Several signaling pathways lead to extracellular signals to the regulating factors of CTGs transcription, such as OCT4, Sox2, C-Myc and Olig2.

OTC4 and Sox2 factors interact in the regulation and differentiation of embryonic stem cells, as well as in the increase of the CTGs, and in the promotion of the tumorigenic activity.[20] c-Myc leads to cell reprogramming in the fibroblast to induce a pluripotency. In addition, it is correlated with the degree of the tumor, and is further expressed in CTGs, which can reach ∼ 50% of the CD133 positive cells.[21] The Olig[2] is a transcription factor restricted to the central nervous system, specifically to the oligodendrocyte and multipotent progenitors. It is overexpressed in diffuse astrocytomas, oligodendrogliomas and oligoastrocytomas.[22] [23] In fresh human GBMs, it is positive in 85% of the gliomas cells that are positive for Ki67, and in ∼ 98% of All CTGS CD133.

Olig[2] can also control CTG proliferation in the different forms of adhesion and cell cycle.[23]

Epigenetic Regulation of Glioma Stem Cells

Epigenetic is the occurrence of a hereditary DNA change, which regulates gene expression, without changing the actual DNA sequence. Recently, DNA methylation in high-grade gliomas is one of the most significant progressions, with the identification of mutations of the enzyme isocitrate dehydrogenase 1 (IDH-1).[5] Isocitrate dehydrogenases are multiple mutations that lead to the specific change of the Krebs cycle enzymes. Isocitrate dehydrogenase mutant enzymes generate an oncometabolite known as D-2-hydroxylglutarate (D-2-HG), instead of the α-ketoglutarate (α-CG), in the citric acid cycle. This protein promotes gliomagenesis through the activation of HIF-1 nuclear translocation, which leads to an increase in cell proliferation and angiogenesis, as well as to the hypermethylation of histones, which restructure the cellular epigenetic state.[23]

In addition, the histones methylation process can control proteins transcription. It opens the chromatin by means of methylation of H3K4 to promote its transcription. The closure occurs by the H3K27, thereby interrupting the process. Histone methyltransferase is stimulated in hypoxic CTGs, supporting the HIF-2 expression pathway and the tumorigenic pathway.[24]

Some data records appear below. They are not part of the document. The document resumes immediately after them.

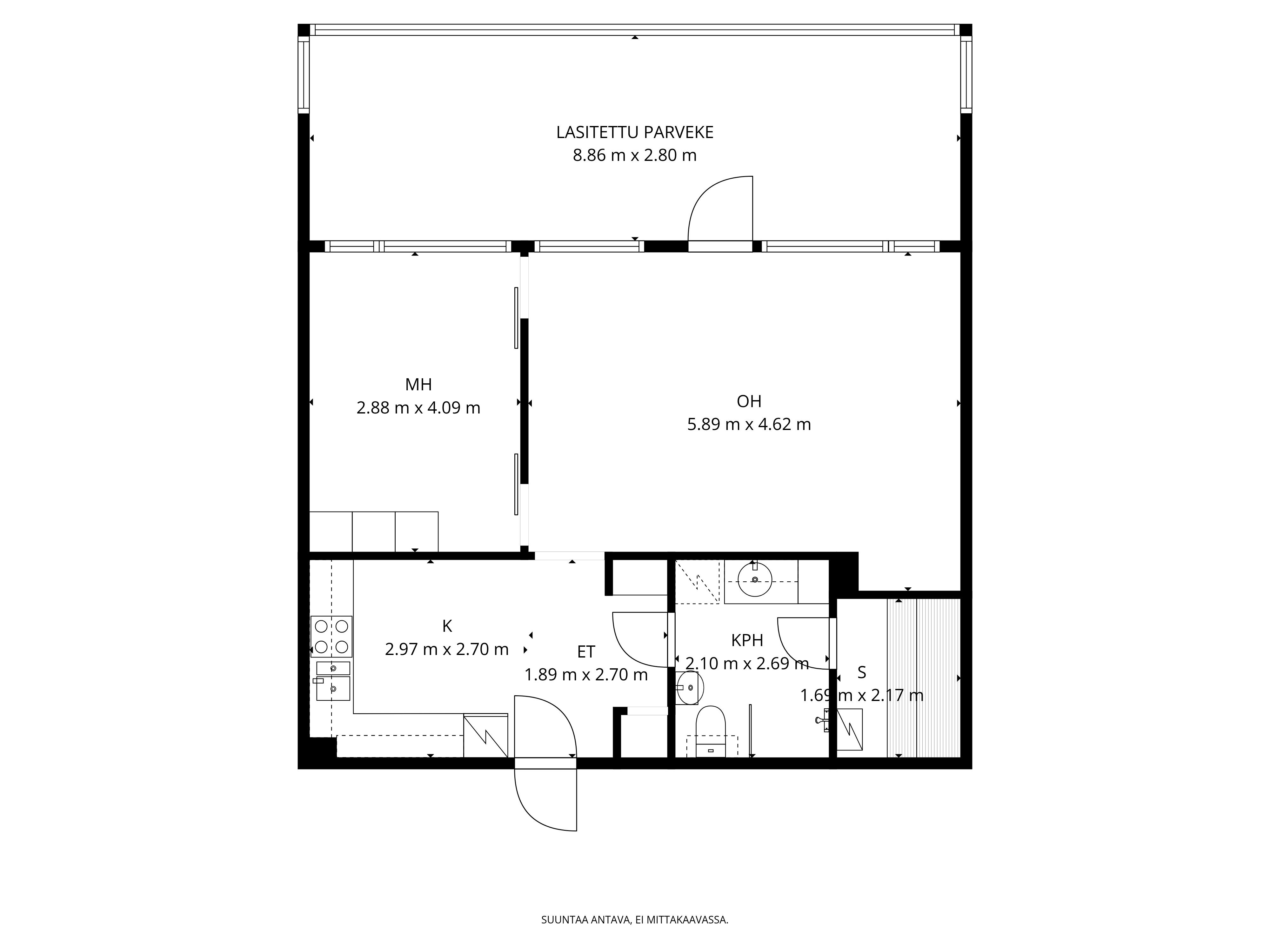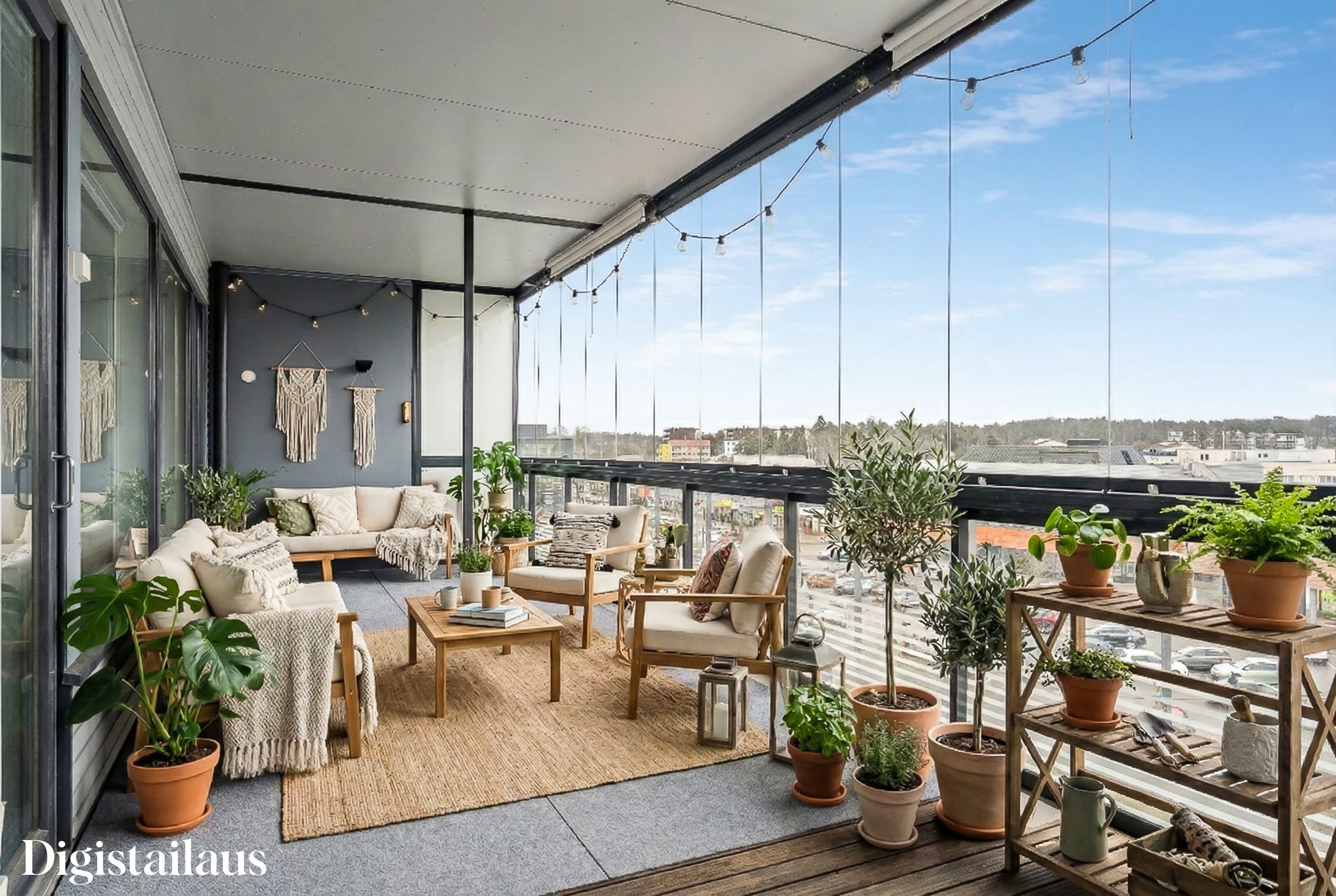 | Parvekkeen kuvaus | Sisäänvedetty ja lasitettu |
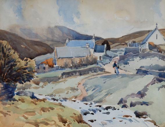 | Dunquin, Co. Kerry, a stream, cottages and the hills beyond | |
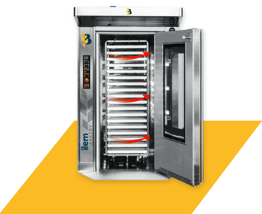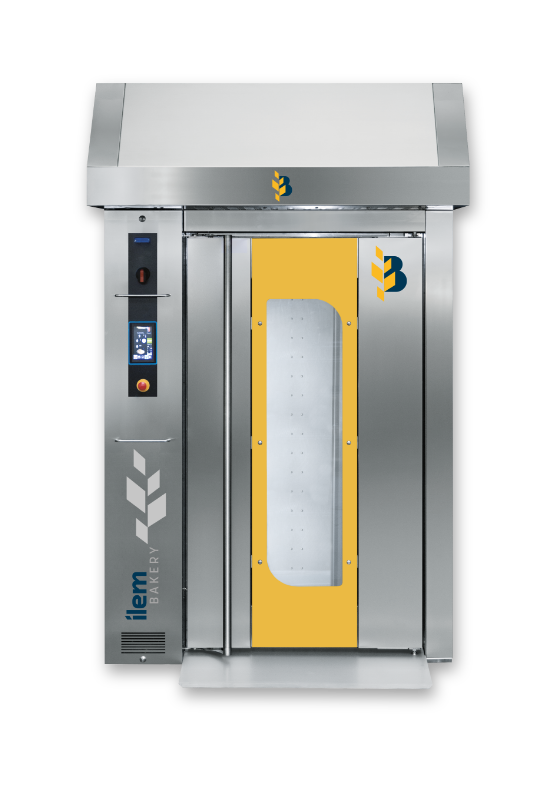 Forni rotor a una camera contenenti uno o più carrelli avvolti da un flusso d’aria calda, adatti alla cottura di qualsiasi prodotto di pane e pasticceria.
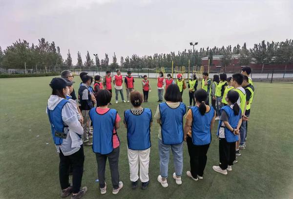本次活动在天津大学心理中心教师、高级拓展培训师吴凤伟老师的指导下,开展了“破冰热身”、“自我介绍”、“同心协力”、“红色传承”四个游戏环节,其中“破冰热身”环节通过听从指导教师的口令,做出相应的动作,训练大家的协调能力和反应速度;“自我介绍”环节通过10人一队的形式,每队共同展示队员的姓名和本队的口号,达到队员之间互相熟悉,合作展示的目的;“同心协力”环节,需要10人共同牵起同心鼓,并能够齐心协力地接球,接球数量最多的队伍获胜;“红色传承”环节,由指导教师分别给每队展示30张党和国家发展的重大事件的卡片,需要每队在指定时间内,将卡片按照时间顺序排序,排序正确且提交卡片数量多的队伍获胜。
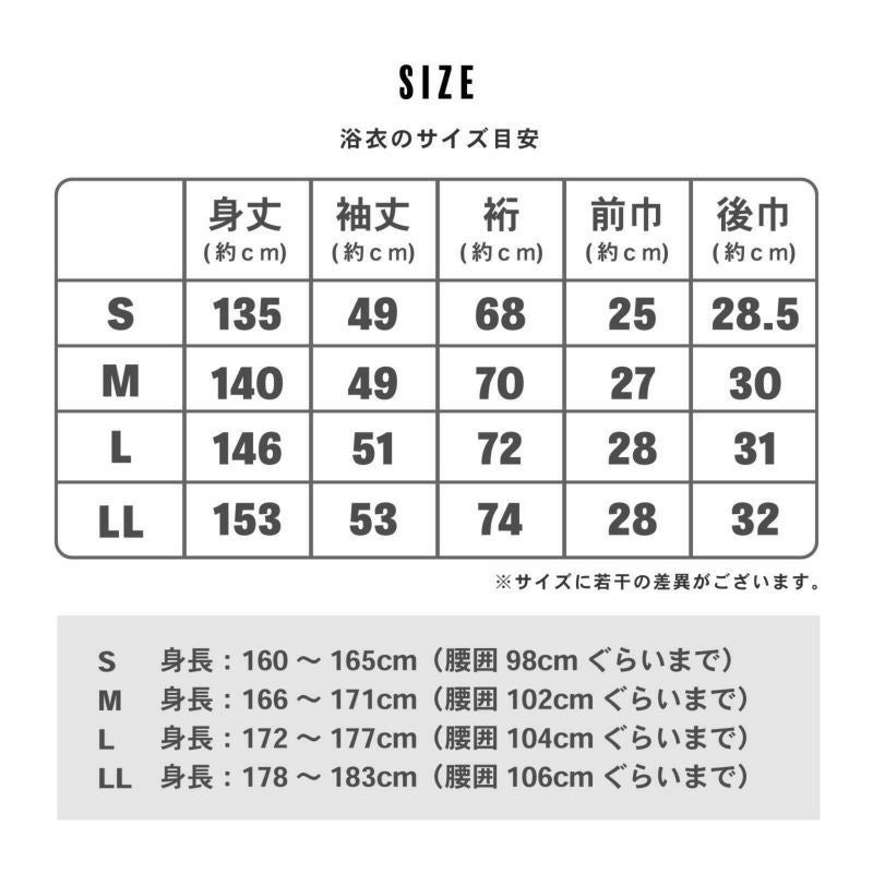 【適応身長の目安(浴衣)】
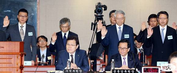 18일 서울 여의도 금융감독원에서 열린 국회 정무위원회의 금감원 국정감사에서 증인으로 출석한 현재현 동양그룹 회장을 비롯한 참석자들이 선서를 하고 있다. 사진 왼쪽부터 김철 동양네트웍스 대표, 이승국 전 동양증권 사장, 현 회장, 정진석 동양증권 사장.
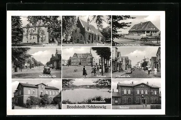 AK Bredstedt, Bahnhof, Rathaus und Mittelschule
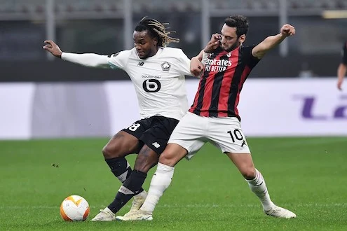 Db Milano 05/11/2020 - Europa League / Milan-Lille / foto Daniele Buffa/Image Sport nella foto: Renato Sanches-Hakan Calhanoglu
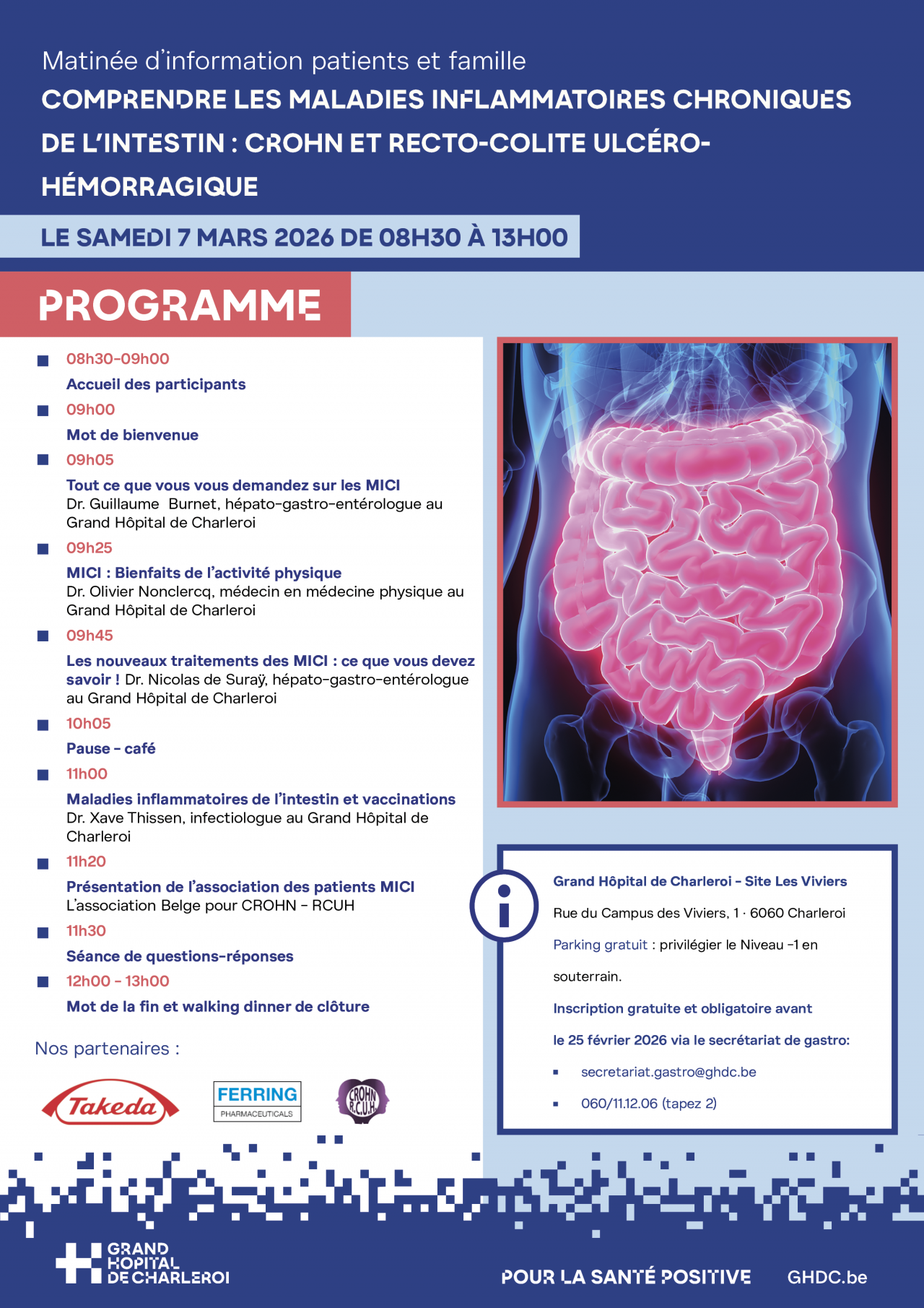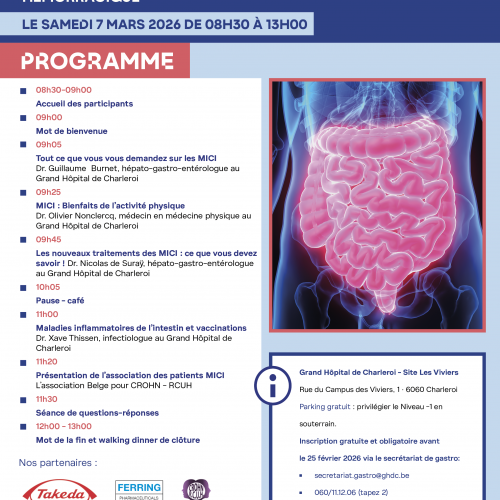 - 09h05 - Tout ce que vous vous demandez sur les MICI Dr. Guillaume Burnet, hépato-gastro-entérologue au Grand Hôpital de Charleroi

Another epigenetic factor is the microRNAs (miRNAs), which are noncodifier regulatory RNAs, with an essential role in neural development/biological process, and in the tumorigenesis of the GBM, composed approximately by 22 noncodifier nucleotides with regulator gene expression ability downwards and translation inhibition. Therefore, they have an essential role in CTG pluripotency, reprogramming, and pathway. MircroRNA-124, miRNA-146a and miRNA-34a contribute to gliomagenesis, while miRNA-125b and miRNA-9 regulate the process of resistance to chemotherapy and radiotherapy.[25] [26]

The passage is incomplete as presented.